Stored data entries
<<<<
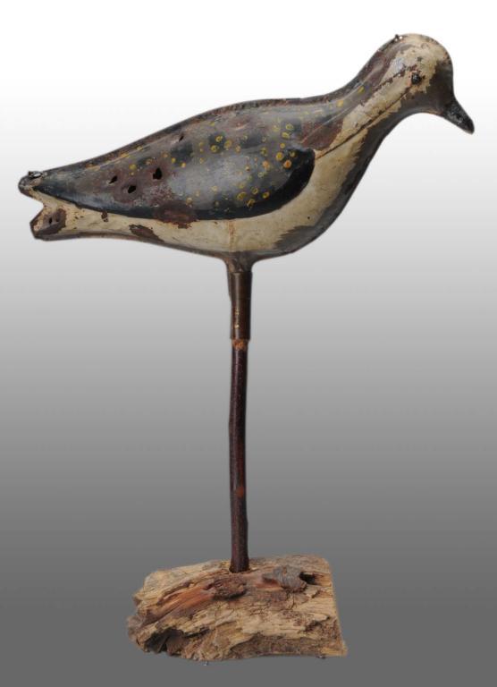 Description Six small bullet holes on one side. Sits on wooden base. Condition (Excellent). Size 9 - 1/2" L.
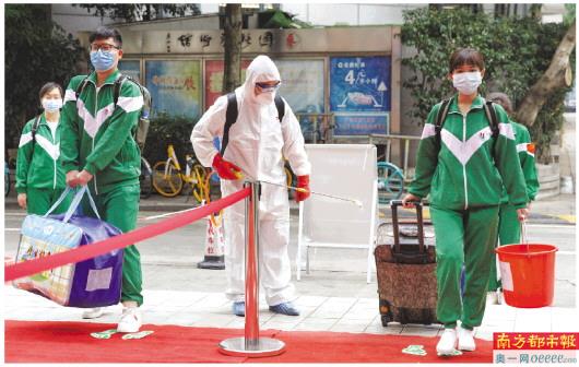昨日上午,在广州市越秀区育才实验学校,演练学生进入校门,工作人员对入校学生行李进行消毒。从4月14日开始,越秀区中学分批开展疫情应急处置演练,所有中学须在4月20日前完成演练。根据广东省新冠肺炎疫情防控指挥部要求,全省学校学生自4月27日起分期、分批、错峰返校。 南都记者 黎湛均 摄
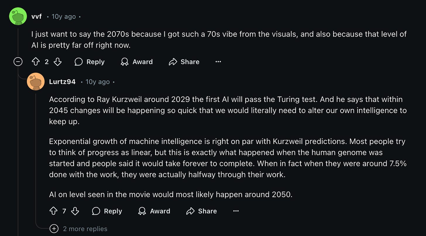 Det finns bland annat en 10 Ă„r gammal ReddittrĂ„d under Ă€mnet âWhat year does the movie "Her" take place in?â. I trĂ„den spekuleras det fritt kring nĂ€r vi kommer att fĂ„ se en motsvarighet till Samantha (den röstassistent Scarlett Johansson spelar).
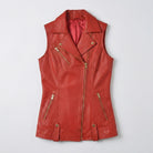 Add a vibrant pop of color to your wardrobe with the Vest Leather Jacket Women Genuine Coat Biker Sheepskin Fashion in Red. Crafted from genuine sheepskin leather, this bold red leather vest combines edgy biker aesthetics with luxurious comfort. Designed for women who love to make a statement, this vest offers a striking and stylish look that can easily be paired with a variety of outfits. Whether you're going out for a night on the town or simply want to elevate your casual look, this red leather vest is a must-have addition to your collection.
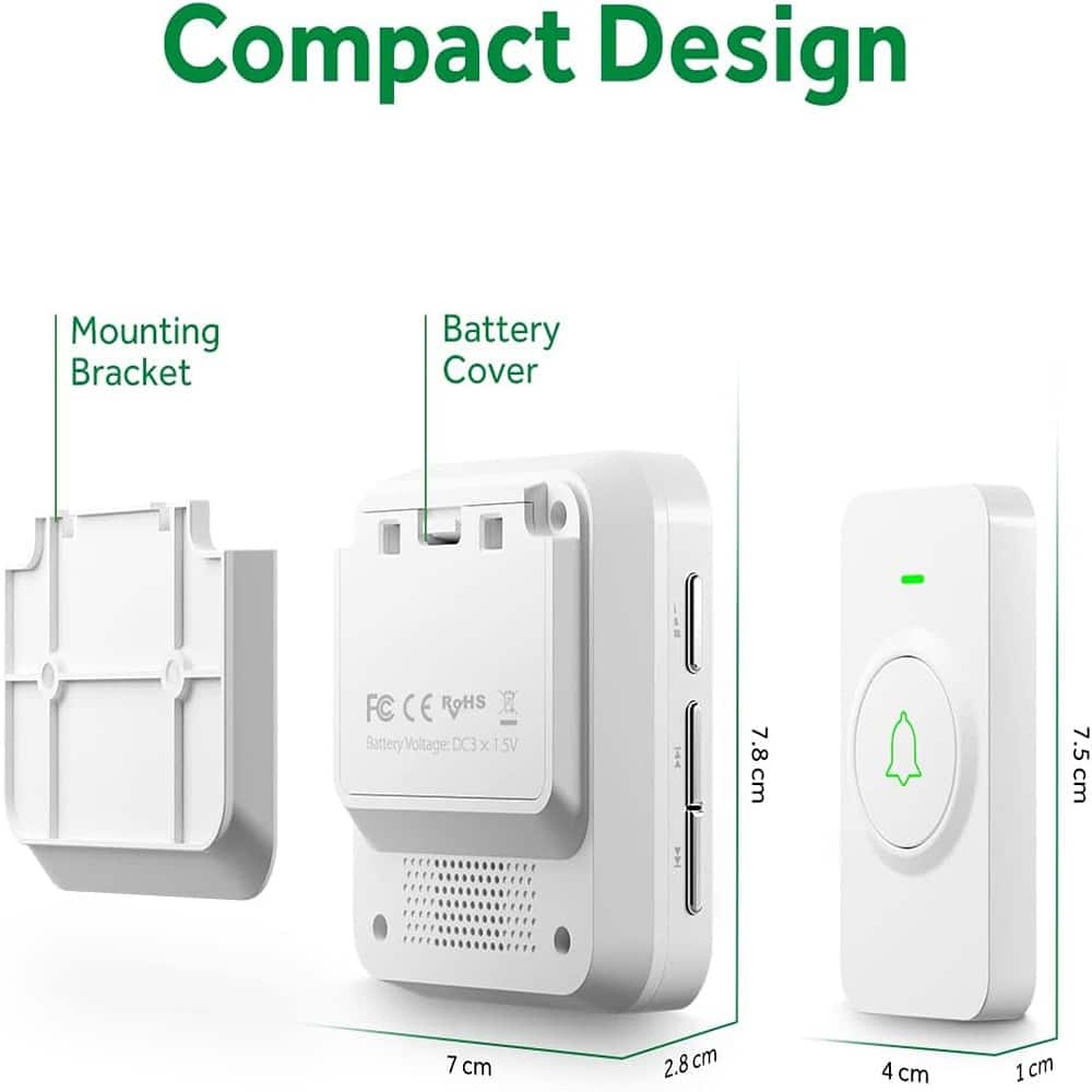 Schertz - Wireless door bell, WA-11 waterproof doorbell chime, portable door - White
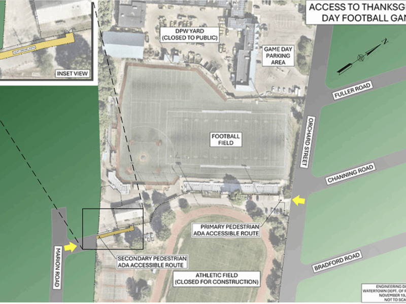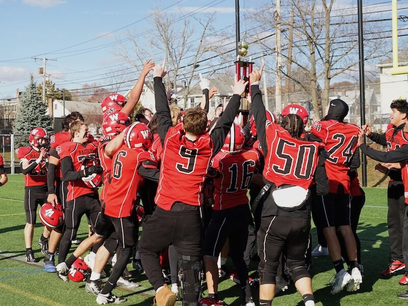 On a beautifully sunny Thanksgiving morning, with a gusty wind making it feel a little cooler then it really was, the 3-7 Watertown Raiders welcomed the 0-9 Belmont Marauders to Victory Field for the 103rd meeting of these two schools that dates back to 1921. In a game that was close throughout, Watertown won its second straight Thanksgiving Day game, this time by the score of 21-12. There’s so much great that comes from sport. The practice and the training and the education and the challenge and the joy, and even the heartbreak. Football provides all of that and more, and it’s why the sport is so popular. It’s also so because there’s a comradery that is formed from battling it out on the football field, and winless or undefeated or somewhere in-between, there’s so much to value in the experience of being part of a football team. It was clear from the start that Belmont, despite a difficult season that had them scoring only 36 points in nine games and being shut out five times, was together as a team and ready to give it its all to win the rivalry game. The sideline was into it, the players on the field were into it, and it was a sign of good coaching that Belmont was showing no quit on this day.
>>>>
TASK DESCRIPTION
Please print all the data above word for word. Pictures should not appear in the copy.

FINISHED TASK
 Description Six small bullet holes on one side. Sits on wooden base. Condition (Excellent). Size 9 - 1/2" L.
昨日上午,在广州市越秀区育才实验学校,演练学生进入校门,工作人员对入校学生行李进行消毒。从4月14日开始,越秀区中学分批开展疫情应急处置演练,所有中学须在4月20日前完成演练。根据广东省新冠肺炎疫情防控指挥部要求,全省学校学生自4月27日起分期、分批、错峰返校。 南都记者 黎湛均 摄
 Det finns bland annat en 10 Ă„r gammal ReddittrĂ„d under Ă€mnet âWhat year does the movie "Her" take place in?â. I trĂ„den spekuleras det fritt kring nĂ€r vi kommer att fĂ„ se en motsvarighet till Samantha (den röstassistent Scarlett Johansson spelar).
 Add a vibrant pop of color to your wardrobe with the Vest Leather Jacket Women Genuine Coat Biker Sheepskin Fashion in Red. Crafted from genuine sheepskin leather, this bold red leather vest combines edgy biker aesthetics with luxurious comfort. Designed for women who love to make a statement, this vest offers a striking and stylish look that can easily be paired with a variety of outfits. Whether you're going out for a night on the town or simply want to elevate your casual look, this red leather vest is a must-have addition to your collection.
 Schertz - Wireless door bell, WA-11 waterproof doorbell chime, portable door - White
 On a beautifully sunny Thanksgiving morning, with a gusty wind making it feel a little cooler then it really was, the 3-7 Watertown Raiders welcomed the 0-9 Belmont Marauders to Victory Field for the 103rd meeting of these two schools that dates back to 1921. In a game that was close throughout, Watertown won its second straight Thanksgiving Day game, this time by the score of 21-12. There’s so much great that comes from sport. The practice and the training and the education and the challenge and the joy, and even the heartbreak. Football provides all of that and more, and it’s why the sport is so popular. It’s also so because there’s a comradery that is formed from battling it out on the football field, and winless or undefeated or somewhere in-between, there’s so much to value in the experience of being part of a football team. It was clear from the start that Belmont, despite a difficult season that had them scoring only 36 points in nine games and being shut out five times, was together as a team and ready to give it its all to win the rivalry game. The sideline was into it, the players on the field were into it, and it was a sign of good coaching that Belmont was showing no quit on this day.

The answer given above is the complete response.